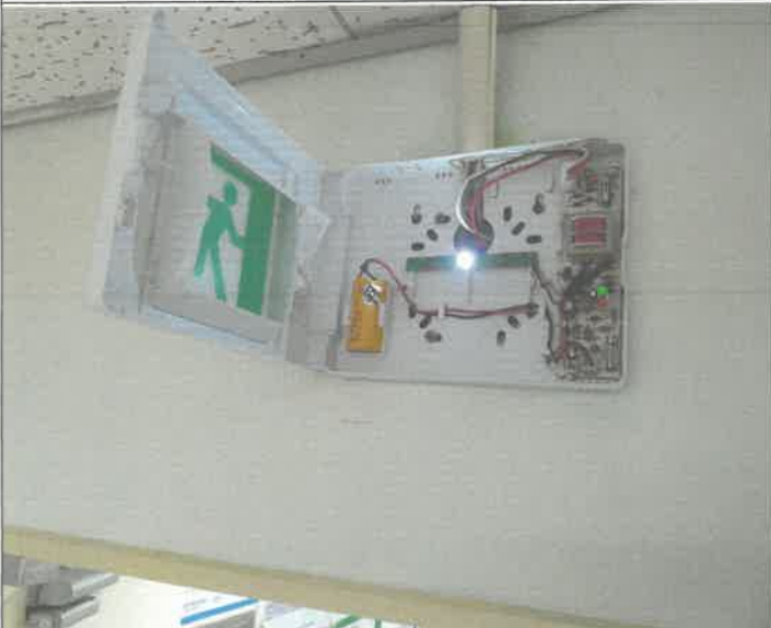
2층 복도(상담 센터) 피난 유도등 점등 불량 LED 기판 교체
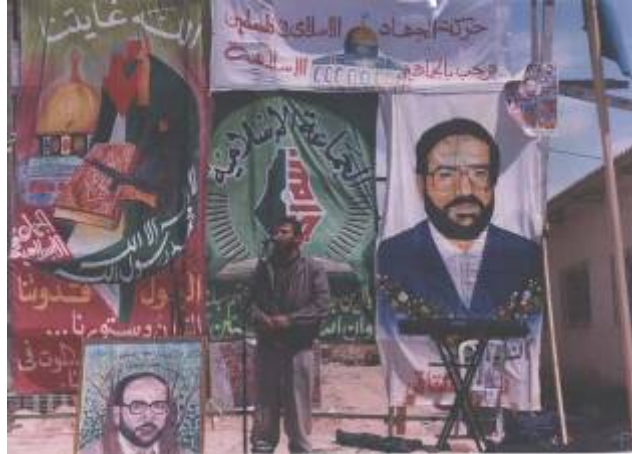
Posters du JIP affichés sur un stand d'Al-Jama'ah al-Islamiyyah. En haut on peut lire "Jihad Islamique Palestinien." A gauche figurent des slogans islamiques sur fond d'une carte de Palestine, du Coran, du Dôme du Rocher et d'un fusil. Au centre se trouve l'emblème d'Al-Jama'ah al-Islamiyyah. A droite (et en bas à gauche), on aperçoit un portrait du fondateur de l'organisation, Fathi Shqaqi (tué à Malte en 1995).
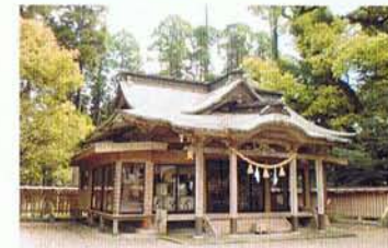
神楽殿・御輿庫(旧拜殿)

旧記によれば、日向国の第一の大社であったが、天正年間の大友・島津の争乱の際、御神体は避難されたものの、社殿・宝物・古文書などすべて焼失し、小さな祠があるのみ状態となった。その後秋月種政が元禄五年に復興し、安政六年に再建され、明治四年五月に県内最初の国幣社に列せられた。現在の御社殿は、旧社殿「末社」熊野神社(旧本殿)神楽殿・御輿庫(旧拜殿)の老朽化に伴い、平成十四年より「平成の大造営」と銘打って氏子崇敬者のご協力により、平成十九年七月に竣工した。
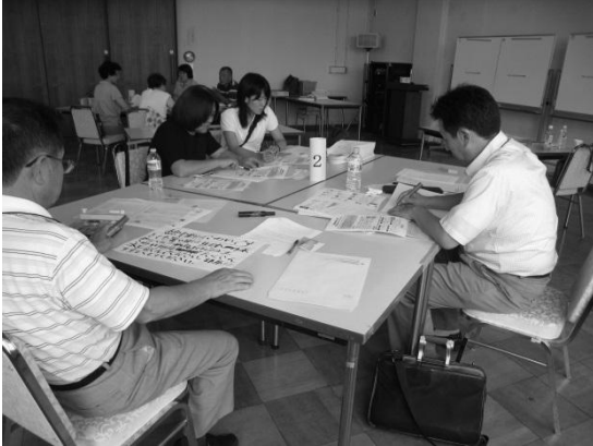
「やさしい日本語実践セミナー」における
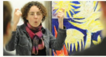
ACCUEILS ADAPTÉS +
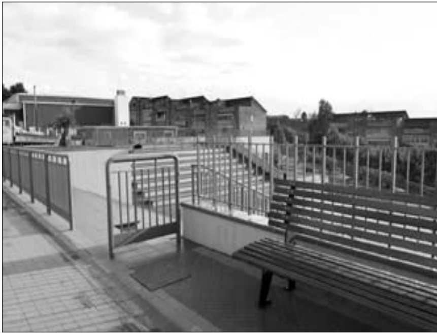
L'area attrezzata "Mario De Falco" di rione Capodimonte; a destra un momento dell'inaugurazione

L'uso pubblico dell'area attrezzata "Mario De Falco" rientrerà, comunque, in un regolamento
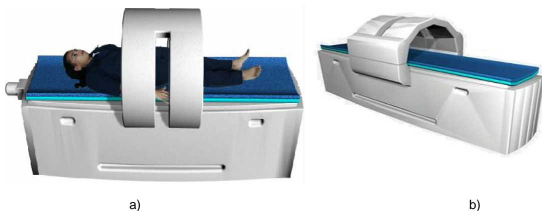
Fig. 3. Dispositivo magnético a imanes permanentes con accesorio del sistema magnético: a) estático y b) regulable

La inducción magnética del campo magnético es de 140 G en un volumen esférico de 0,2 m de radio. Además con los cálculos de los parámetros del dispositivo del desplazamiento lineal, el motoreductor paso a paso y el sistema regulable de apertura y cierre del sistema magnético se obtuvo el diseño que se muestra en la figura 3.
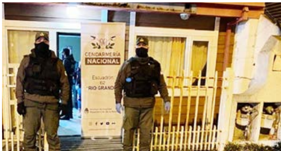
Gendarmería Nacional allanó un domicilio en el marco de una causa por presunta trata de personas.

Cabe recordar que las personas que sean víctimas del delito de trata o conozcan a alguien que lo sea, pueden denunciarlo anónimamente llamando al 145, la línea gratuita de la Oficina de Rescate y Acompañamiento a las Personas Damnificadas por el Delito de Trata que funciona las 24 horas en todo el país.
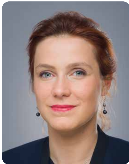
Léonore Moncond'huy Maire de Poitiers

Le Conseil municipal est composé de 53 élu·es et élus, dont 15 adjointes et adjoints à la Maire de Poitiers.
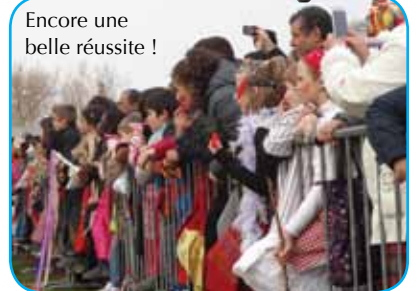
Encore une belle réussite !
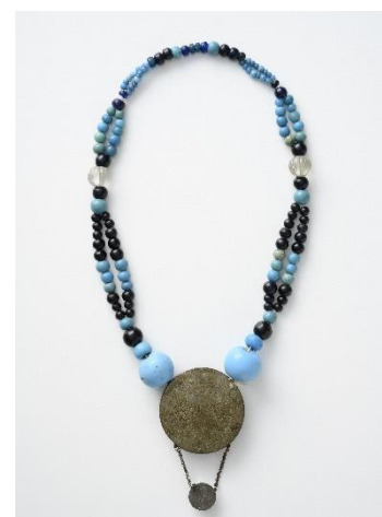
《首飾り》旭川市博物館蔵（河野コレクション）
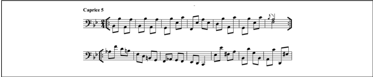
Şekil 5. Caprice 5 Bizzarria (URL-8)

Caprice 5, si bemol majör tonda yazılmış iki zamanlı bir bölümdür. Galligioni albümünde bu bölüm için İtalyanca bizzarria tanımını kullanmayı uygun görmüştür. İngilizcedeki karşılığı bizarre olan bu terim tuhaf , acayip , garip anlamlarına gelir. Sabit bir tempodan ziyade müzikal yürüyüşler bölümün özgür bir tempo anlayışıyla çalınmasına izin verir (Bkz. Şekil 5). Bazı notalarda duraklamalar, bazı notalarda ise süratle melodiyi akıtmak gerekir. Sekizliklerden oluşan bu bölüm ilk okumada kolayca çalınabilmesine karşın, doğru müzikal ifadeyi yaratmak için müzikal analiz yapmak gerekir.
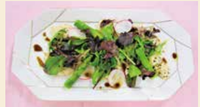
※写真のお皿は16cm×30cm、盛り付けは1人分です。

新緑の爽やかな季節となりました。今回は旬の野菜、アスパラガスやラディッシュを使った色鮮やかなサラダをご紹介します。深いコクと上品な酸味が特徴のバルサミコ酢をドレッシングに用いることで、おもてなし料理の前菜にもぴったりで食欲をそそる一品となります。またこのドレッシングは肉類や魚介類とも相性が良く、主菜もしっかり摂ることができます。ぜひお試しください。
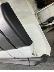
Kaporta, B-direk, sol > Hasarlı
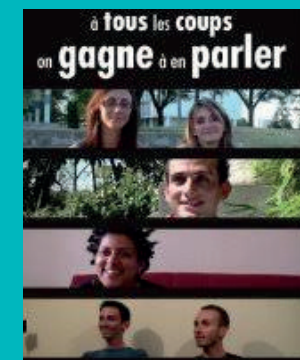
« À tous les coups, on gagne à en parler » (Contact HG)
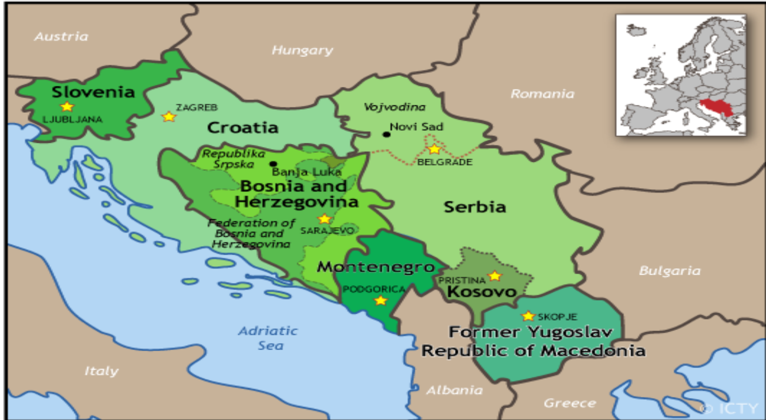
FORMER YUGOSLAVIA AS OF JANUARI 2008
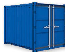
Modèle LC 9'
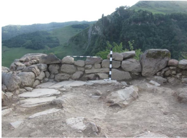
სურათი 10. ნაგებობა, სამხრეთ-დასავლეთ კედელი
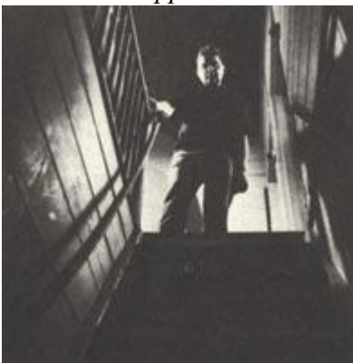
Рис. 181 Передача мироощущения

Здесь я представил мольберт в виде креста, и совместил с фигурой Фрэнсиса Бэкона, подразумевая мученическую природу его творчества. «Никкормат FT2», 65 мм, 1/60 с., диафрагма 11.
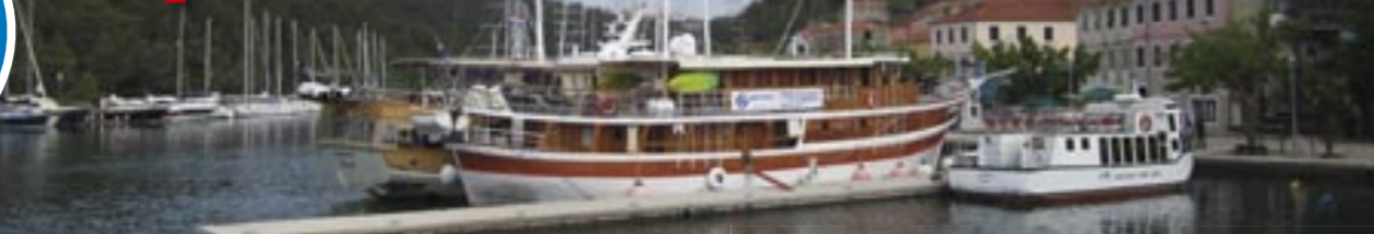
Loď Tvrdí kotví v jachtařském přístavu města Skradin
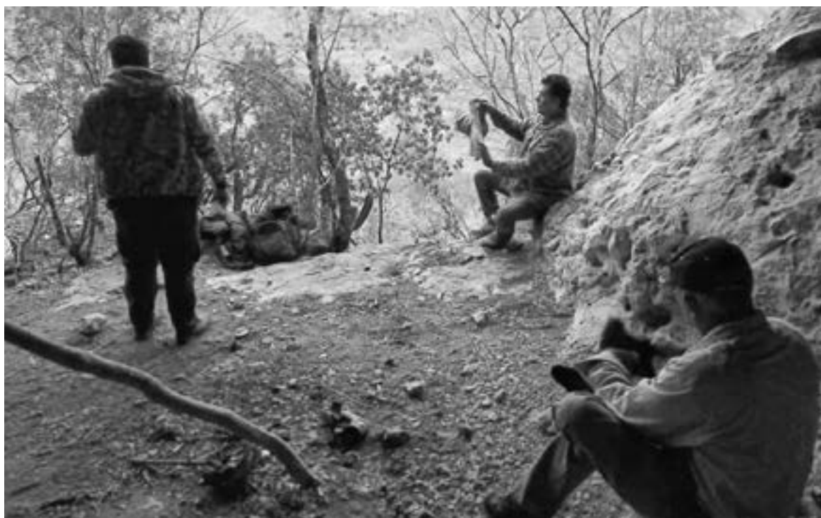
DETECTAN más vestigios históricos en la Sierra Madre

lizada en la Sierra Madre y en su interior hallamos posibles afiladores, pinturas prehispánicas y evidencia de antiguos antepasados"
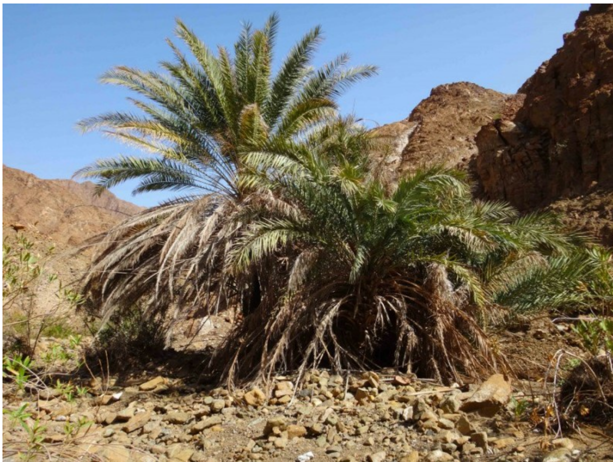
Рис. 4. Одичавшая финиковая пальма в вади в горах Хаджар.
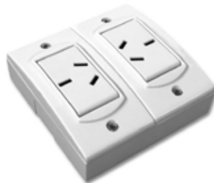
2 Tomas 10A Base extra chata
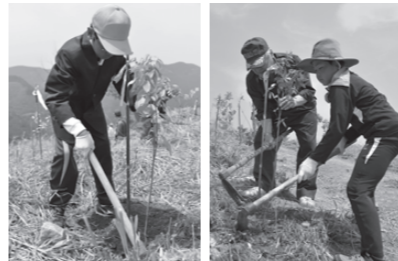
▲1本ずつ丁寧に ▲協力も大切
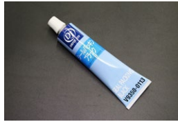
トヨタ シールパッキングブラック エンジンの組み立て用に使用できる液体 ガスケットで乾燥後は耐熱、耐油に優れた ゴム状の弾性被膜を形成する 価 格：¥2,840
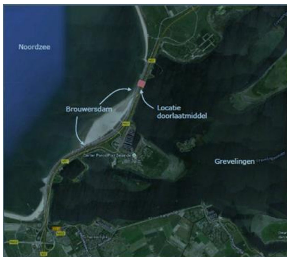
Figuur 1: Locatie doorlaatmiddel in het noordelijk deel van de Brouwersdam
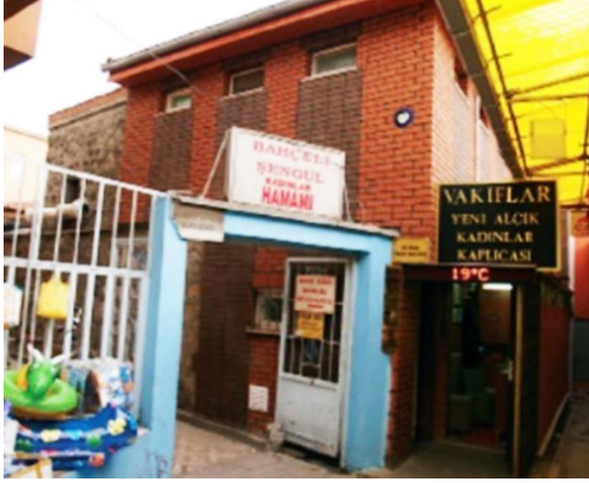
Resim 1. Alçık hamamı giriş cephesi.
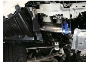
参考：取り付け位置

タービン入り口の蛇腹ホースをチタン製インレットパイプに交換することで吸気抵抗を低減。ターボチャージャーの性能向上を果たすターボサクションパイプです。

------------------------

_ABOUT THIS TASK_. Print out the whole listing word for word. Leave the pictures out.

_COMPLETED TASK_.
2층 복도(상담 센터) 피난 유도등 점등 불량 LED 기판 교체
Posters du JIP affichés sur un stand d'Al-Jama'ah al-Islamiyyah. En haut on peut lire "Jihad Islamique Palestinien." A gauche figurent des slogans islamiques sur fond d'une carte de Palestine, du Coran, du Dôme du Rocher et d'un fusil. Au centre se trouve l'emblème d'Al-Jama'ah al-Islamiyyah. A droite (et en bas à gauche), on aperçoit un portrait du fondateur de l'organisation, Fathi Shqaqi (tué à Malte en 1995).
神楽殿・御輿庫(旧拜殿)

旧記によれば、日向国の第一の大社であったが、天正年間の大友・島津の争乱の際、御神体は避難されたものの、社殿・宝物・古文書などすべて焼失し、小さな祠があるのみ状態となった。その後秋月種政が元禄五年に復興し、安政六年に再建され、明治四年五月に県内最初の国幣社に列せられた。現在の御社殿は、旧社殿「末社」熊野神社(旧本殿)神楽殿・御輿庫(旧拜殿)の老朽化に伴い、平成十四年より「平成の大造営」と銘打って氏子崇敬者のご協力により、平成十九年七月に竣工した。
「やさしい日本語実践セミナー」における
ACCUEILS ADAPTÉS +
L'area attrezzata "Mario De Falco" di rione Capodimonte; a destra un momento dell'inaugurazione

L'uso pubblico dell'area attrezzata "Mario De Falco" rientrerà, comunque, in un regolamento
Fig. 3. Dispositivo magnético a imanes permanentes con accesorio del sistema magnético: a) estático y b) regulable

La inducción magnética del campo magnético es de 140 G en un volumen esférico de 0,2 m de radio. Además con los cálculos de los parámetros del dispositivo del desplazamiento lineal, el motoreductor paso a paso y el sistema regulable de apertura y cierre del sistema magnético se obtuvo el diseño que se muestra en la figura 3.
Gendarmería Nacional allanó un domicilio en el marco de una causa por presunta trata de personas.

Cabe recordar que las personas que sean víctimas del delito de trata o conozcan a alguien que lo sea, pueden denunciarlo anónimamente llamando al 145, la línea gratuita de la Oficina de Rescate y Acompañamiento a las Personas Damnificadas por el Delito de Trata que funciona las 24 horas en todo el país.
Léonore Moncond'huy Maire de Poitiers

Le Conseil municipal est composé de 53 élu·es et élus, dont 15 adjointes et adjoints à la Maire de Poitiers.
Encore une belle réussite !
《首飾り》旭川市博物館蔵（河野コレクション）
Şekil 5. Caprice 5 Bizzarria (URL-8)

Caprice 5, si bemol majör tonda yazılmış iki zamanlı bir bölümdür. Galligioni albümünde bu bölüm için İtalyanca bizzarria tanımını kullanmayı uygun görmüştür. İngilizcedeki karşılığı bizarre olan bu terim tuhaf , acayip , garip anlamlarına gelir. Sabit bir tempodan ziyade müzikal yürüyüşler bölümün özgür bir tempo anlayışıyla çalınmasına izin verir (Bkz. Şekil 5). Bazı notalarda duraklamalar, bazı notalarda ise süratle melodiyi akıtmak gerekir. Sekizliklerden oluşan bu bölüm ilk okumada kolayca çalınabilmesine karşın, doğru müzikal ifadeyi yaratmak için müzikal analiz yapmak gerekir.
※写真のお皿は16cm×30cm、盛り付けは1人分です。

新緑の爽やかな季節となりました。今回は旬の野菜、アスパラガスやラディッシュを使った色鮮やかなサラダをご紹介します。深いコクと上品な酸味が特徴のバルサミコ酢をドレッシングに用いることで、おもてなし料理の前菜にもぴったりで食欲をそそる一品となります。またこのドレッシングは肉類や魚介類とも相性が良く、主菜もしっかり摂ることができます。ぜひお試しください。
Kaporta, B-direk, sol > Hasarlı
« À tous les coups, on gagne à en parler » (Contact HG)
FORMER YUGOSLAVIA AS OF JANUARI 2008
Modèle LC 9'
სურათი 10. ნაგებობა, სამხრეთ-დასავლეთ კედელი
Рис. 181 Передача мироощущения

Здесь я представил мольберт в виде креста, и совместил с фигурой Фрэнсиса Бэкона, подразумевая мученическую природу его творчества. «Никкормат FT2», 65 мм, 1/60 с., диафрагма 11.
Loď Tvrdí kotví v jachtařském přístavu města Skradin
DETECTAN más vestigios históricos en la Sierra Madre

lizada en la Sierra Madre y en su interior hallamos posibles afiladores, pinturas prehispánicas y evidencia de antiguos antepasados"
Рис. 4. Одичавшая финиковая пальма в вади в горах Хаджар.
2 Tomas 10A Base extra chata
▲1本ずつ丁寧に ▲協力も大切
トヨタ シールパッキングブラック エンジンの組み立て用に使用できる液体 ガスケットで乾燥後は耐熱、耐油に優れた ゴム状の弾性被膜を形成する 価 格：¥2,840
Figuur 1: Locatie doorlaatmiddel in het noordelijk deel van de Brouwersdam
Resim 1. Alçık hamamı giriş cephesi.
参考：取り付け位置

タービン入り口の蛇腹ホースをチタン製インレットパイプに交換することで吸気抵抗を低減。ターボチャージャーの性能向上を果たすターボサクションパイプです。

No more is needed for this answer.